Wednesday’s hearing of the FDA’s Radiological Devices Advisory panel highlighted the fact that though FDA cannot legally mandate studies of off-label uses for PMA approvals of devices, it has ways of forcing applicants to do such studies all the same.

In this case, the sponsor of a computer-aided detection (CAD) program may be required to design a study that would evaluate its software for use in both concurrent and sequential readings even though the label doesn’t indicate the concurrent method. Concurrent readings are those in which a radiologist looks at the unprocessed images alongside the CAD-processed images while sequential reading is a process in which a radiologist carefully looks over the raw images before examining the CAD-processed images.

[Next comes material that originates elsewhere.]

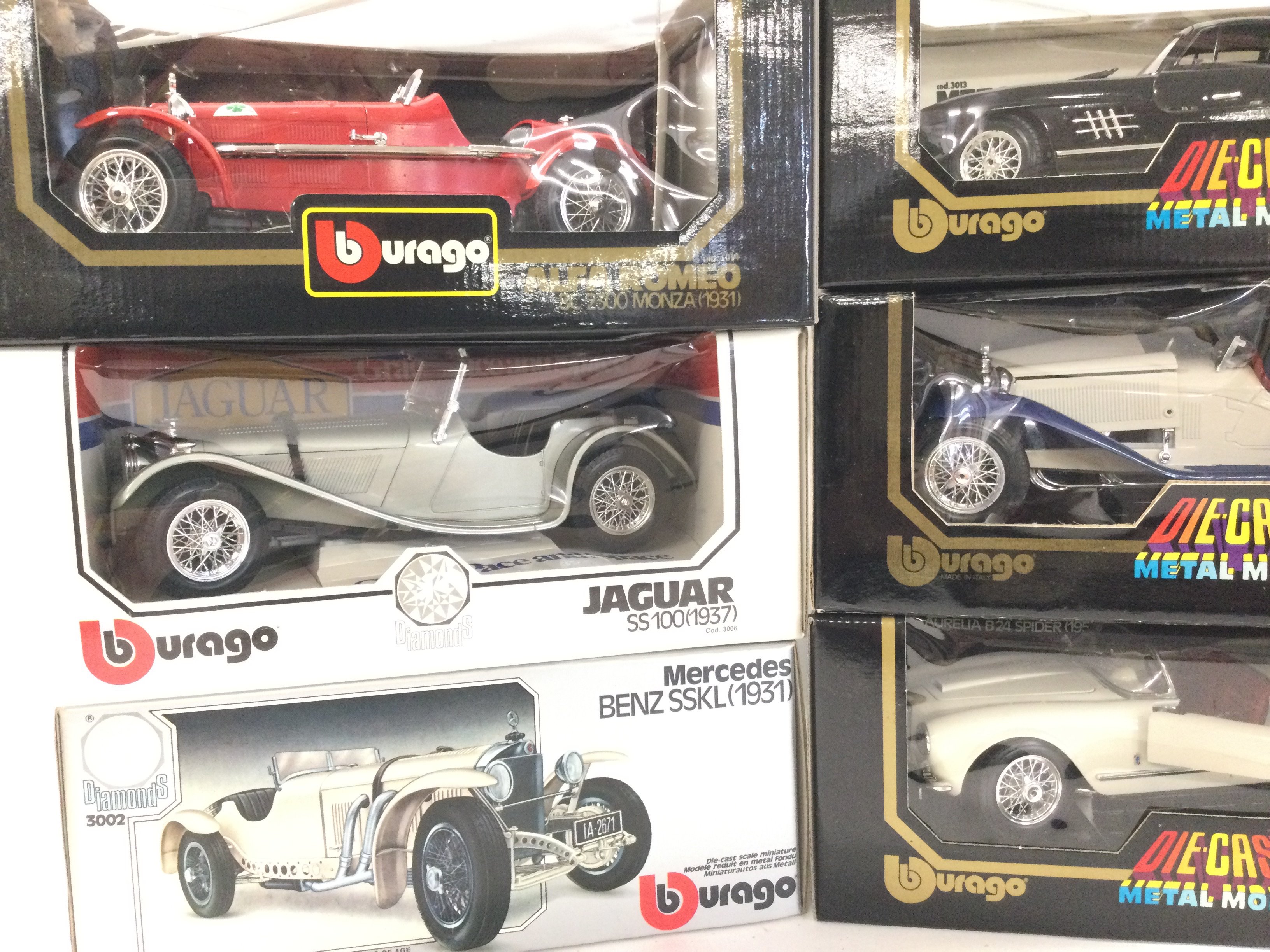 A Collection of 6 Boxed Burago Diecast Cars 1/18 Scale.

Pat Milbank, a regulatory consultant at the meeting to discuss FDA’s requirements, told Medical Device Daily that sequential reading “is the standard use and has been since the first PMAs were approved in CAD.”

This is so even though the agency does not have “the [legal] authority to require studies for off-label use” as defined by the Medical Device Amendments of 1976.

Milbank said that panel members are aware of this legal roadblock, but they “would like to see these off-label studies” all the same.

“My opinion is that the vast majority of radiologists will use the product as labeled,” Milbank said, but academe is curious as to the results from concurrent use, in part because of recent articles suggesting that some radiologists are viewing CAD-processed imaging concurrently with the raw images in an effort to shave some radiology lab time.

Milbank said a lawsuit isn’t the most cost-effective approach for industry on this issue. “The most productive approach is to work with FDA,” she said, because “any legal proceeding would [probably] require more time and more expense” than complying with agency requirements.

Daniel Troy, former chief counsel at FDA and now a partner at the law practice of Sidley Austin (Washington), told MDD that the difference between sequential and concurrent reading may be too fine a hair to expect the statute to have covered. “This may be a close call” where the language of the law is concerned, but that “FDA nonetheless has some discretion to ask for studies it’s not entitled to.”

“The practical matter is that your remedies are limited” because of the time and money that lawsuits typically devour, Troy said. The agency’s practice of requiring off-label studies is “becoming increasingly common, given the current environment and the fact that FDA appears to be constantly under attack” from a number of quarters, including Congress.